Thursday, February 10

THUMBS UP FOR POLAND; THUMBS DOWN FOR U.S. BORDER PATROL

For those of us totally disenchanted with President Bush's dodgeball game in dealing with this country's porous southern border with Mexico and an illegal immigration problem that is totally out of control, two pieces of recent news add fuel to a fire that is already raging:

First is the news that the Bush Administration's late-to-the-game spending restraint (missing in his first term) will include funding cuts for the U.S. Border Patrol and a 180 degrees reversal of the president's commitment to add 2,000 additional border patrol agents in 2006. This about face fell hard on those (and they are legion) who feel the whole notion of "homeland security" is so much song and dance absent hard and fast solutions for stopping the huge influx of illegals streaming into our country from Mexico and elsewhere. And, and Bush must know this, the president's "Guest Worker" program is not being accepted as the right cornerstone in building a barrier to illegal entry. Indeed, and contrary to his repeated pronouncements, that proposal is tantamount to an amnesty program for the millions already in this country illegally (a veritable gift-wapped present to El Presidente Vicente Fox) who send back billions of dollars in remittances to their native country each year of money earned here in our homeland.

Second is the news (and I argue that it is not a non sequitor in the context of the immigration reform issue) that the president has asked Congress for $100 million for our ally Poland, as part of the president's "Solidarity Initiative" designed to reward those countries who have helped us in Iraq. The initiative calls for $400 million to be earmarked for allies in Iraq and Afghanistan, of which Poland would receive one-fourth of the funds. Poland has provided 2,500 of its troops to the war in Iraq. And for that we in the United States should be grateful. But in an era of much-needed fiscal belt-tightening, and in which the president has committed to halving the national debt and cutting a total of 150 programs from the federal budget, why in that maelstrom of difficult choices does the president seek money for allies (when the U.S. is bearing the brunt of lives and treasure lost in the Middle East), while at the same time backtracking on a popularly-received commitment to the U.S. Border Patrol and this country's security here at home?

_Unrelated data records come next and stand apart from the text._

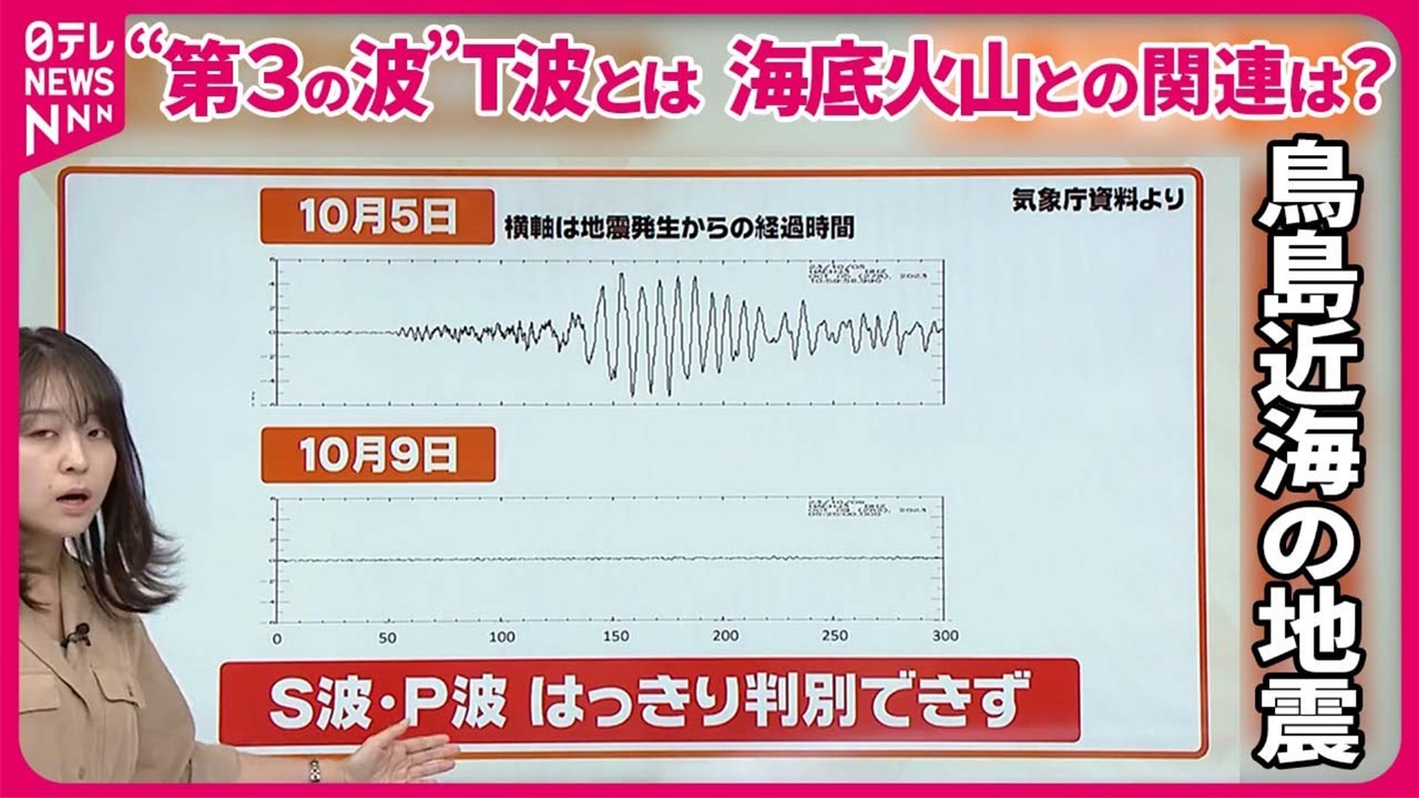 今月9日、太平洋沿岸で津波が観測された伊豆諸島・鳥島近海を震源とする地震。地震波を分析したところ「P波」と「S波」が、はっきりと判別できない一方で、「T波」という“第三の波”が観測されていました。 (2023年10月16日放送)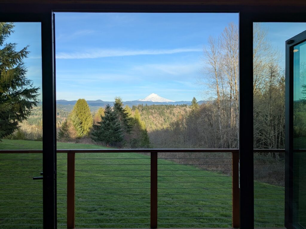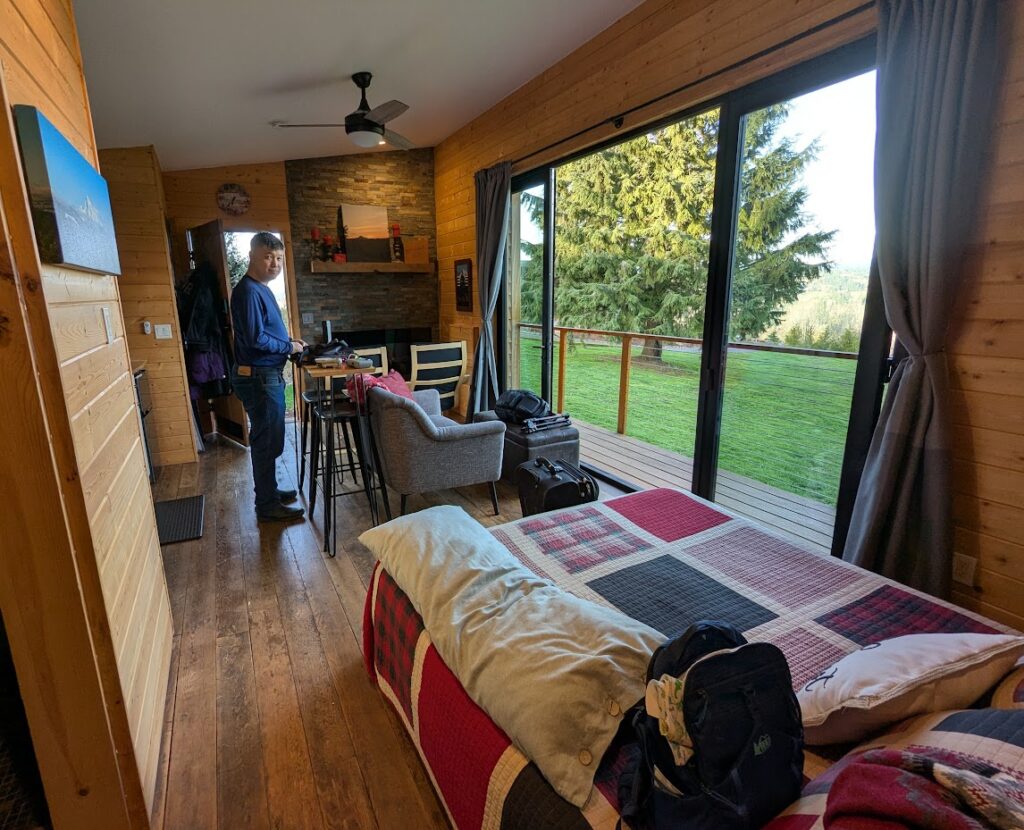 We stayed nearby at an AirBnb with an incredible view of Mount Hood from the window doors. The cute tiny home allowed us to have the amenities of a home at the size of a hotel room (and below the cost). After we arrived, we spent an hour watching the sunset on the loveseat.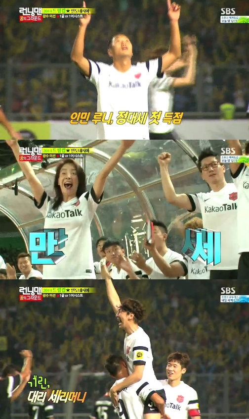 정대세는 15일 오후 방송된 SBS 예능프로그램 '일요일이 좋다-런닝맨(이하 '런닝맨')'에서 열린 ‘드림컵 in 인도네시아’에서 첫 골을 성공시켰다.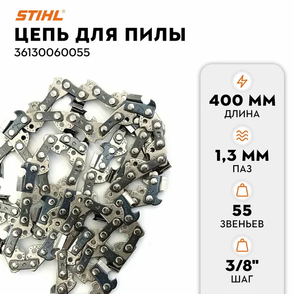 Купить Цепь STIHL для пилы, длина 16 дюймов, шаг 3/8 дюйма, ширина паза 1,3 мм, 55 звеньев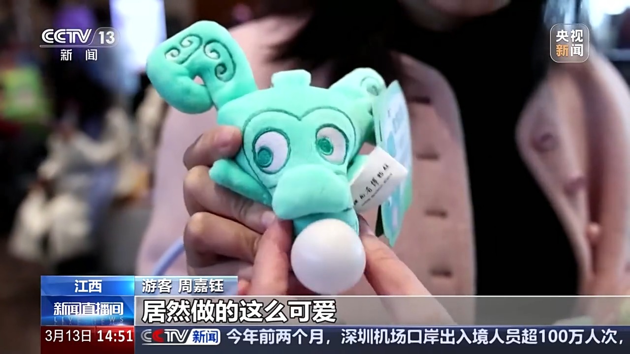 游客周嘉钰:我刚刚在展厅里面有看到这件文物,双面神人青铜面具,我觉得他特别威严,来店里一看,居然做这么可爱。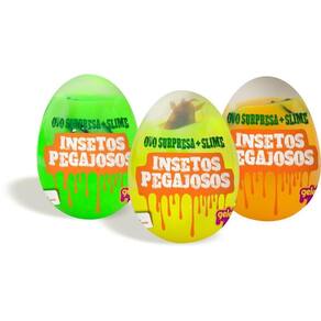 Ovo Insetos Pegajosos é uma combinação de itens que fazem a diversão da criançada bichos em borracha envolvidos em slime, proporcionando sensação tátil e visual arrepiantes Embalagem: dp.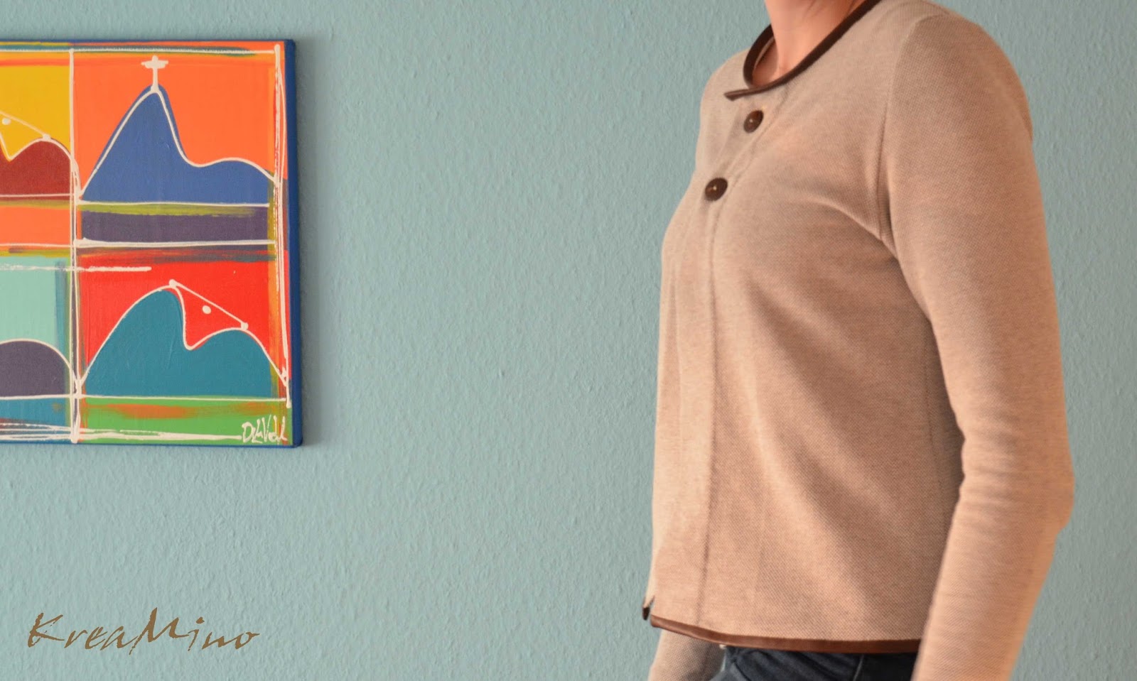 Verschlossen wird das Jäckchen vorne mit 2 Kokosknöpfen, die ich bei Mut mit Stil gefunden habe. Sie passen farblich perfekt und das Jäckchen hat durch die Position der Knöpfe einen tollen Fall. Seit der Fertigstellung trage ich es ständig und es ist absolut bürotauglich und passt sowohl zu Jeans als auch zum Kleid.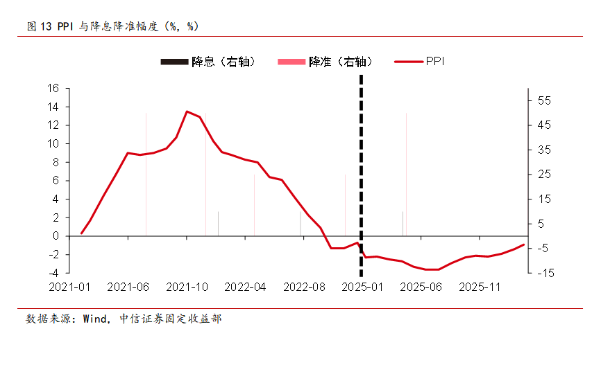 除汇率环境外,国内基本面和通胀水平也是央行决策的重要考量。一方面,2025年下半年以来多项经济指标边际走弱,显示出我国“供强需弱”的矛盾依然突出。另一方面,近期美以对伊朗军事打击导致原油价格大幅上涨,也快速推升了国内通胀预期,不过在央行多目标货币政策框架下,油价上涨导致的输入性通胀对货币宽松的制约或相对有限。回顾2021-2022年原油飙升带动国内PPI同比快速上行的时期,考虑到经济内生动能持续偏弱,央行依旧开展了多轮降准降息并使用MLF等工具持续投放流动性,不过降息的节奏略缓,在PPI同比增速见顶会落后才落地。整体看,2021-2022年7天期逆回购利率共计下调20Bps,存款准备金率合计下调150Bps。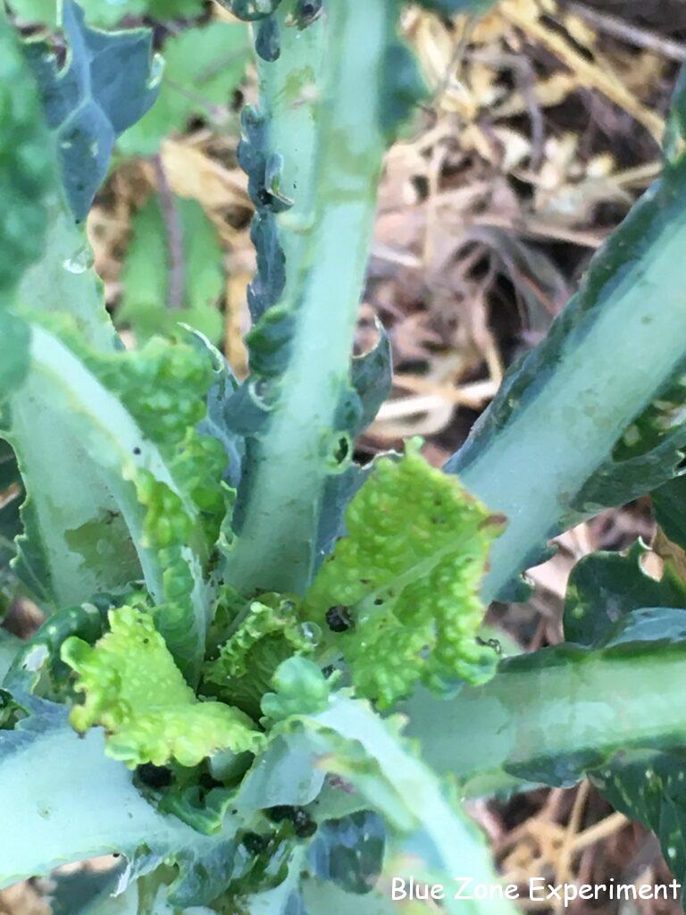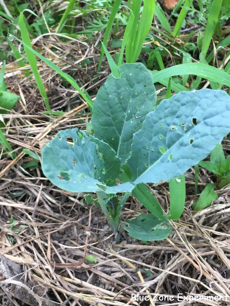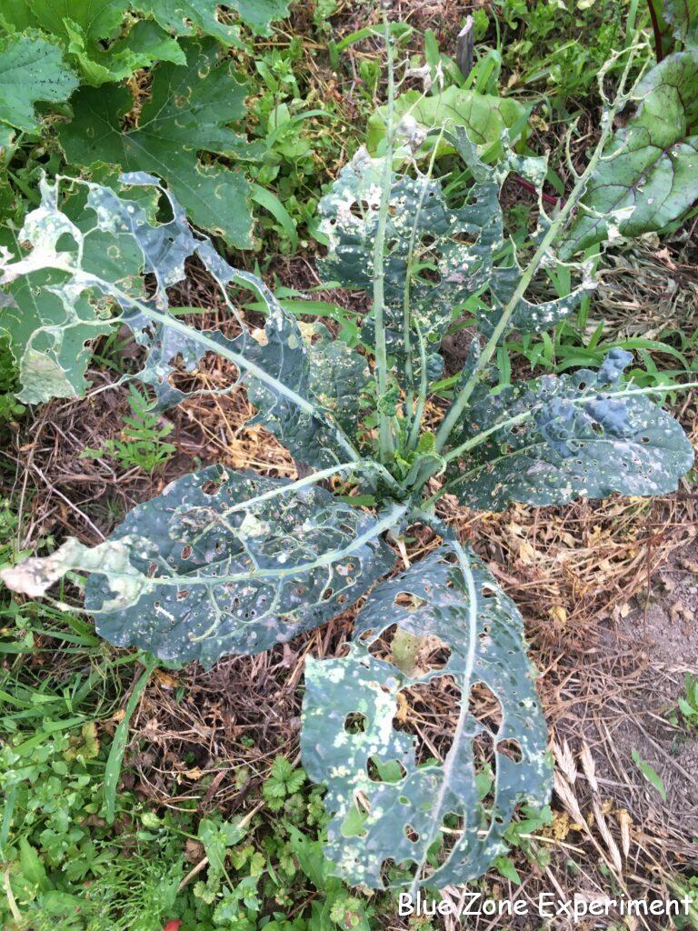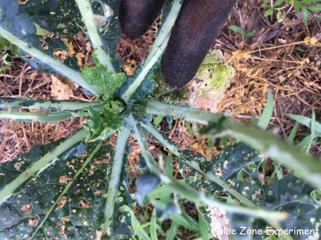 寒いうちに種をまき、強い霜とダイコンサルハムシを乗り越えて美しく育っていたカーボロ・ネロは、もう見る影もありません。二日前に見たときには、まだ芯の部分が生きているようでしたが、今日見てみるとさらに被害はひどくなり、生き残れるかどうか怪しくなってきました。もう青虫が食べる葉っぱはないのですが、ナガメがたかっていました。6 月 12 日に定植したカーボロ・ネロは、一株はなぜかぐったりと倒れていました。もう一株は元気そうです。

In the woof and warp of budget give and take, is that the kind of prioritization we want from a Commander-In-Chief who just earned a second term in office on the strength of his commitment to fighting terrorism? Doesn't protecting this nation's borders against hordes of illegals and the terrorist infiltrators that must be among them deserve front-burner attention and funding? We the People say so; but the president stonewalls.

Poland doesn't have a border security issue. We do. Poland has NATO and a strong U.S. troop presence in Europe to protect it. Truth be known, we fund European security. That's no secret. They owe us. Besides, doesn't being an ally in the war on international Islamic terrorism mean putting your own skin into the game -- treasure and troops? Meanwhile, Mexico, which has not helped one iota in the war on terrorism and has, in point of fact, been a vocal critic of the United States, gets the paddy cake treatment. No wonder Presidente Fox has become so brazen in motivating his nation's poor and lawless to emigrate to the United States that he has published a "How To" guide on doing just that. Fox has read the tea leaves. Bush is soft on this issue and remains so, as do many elected officials in both parties, who vote to fund a Department of Homeland Security, but paradoxically refuse to address the appalling ease with which illegals find ways to enter our country and remain.

We get it, We the People -- the myriad problems that illegal immigration fosters in untold costs (particularly to our border states), rampant crime, and a renting of the social fabric -- and all apart from its all too obvious clear and present danger to U.S. homeland security. So if we get it, why doesn't the president?

This is one conservative Republican who has a bone to pick with George W. Bush.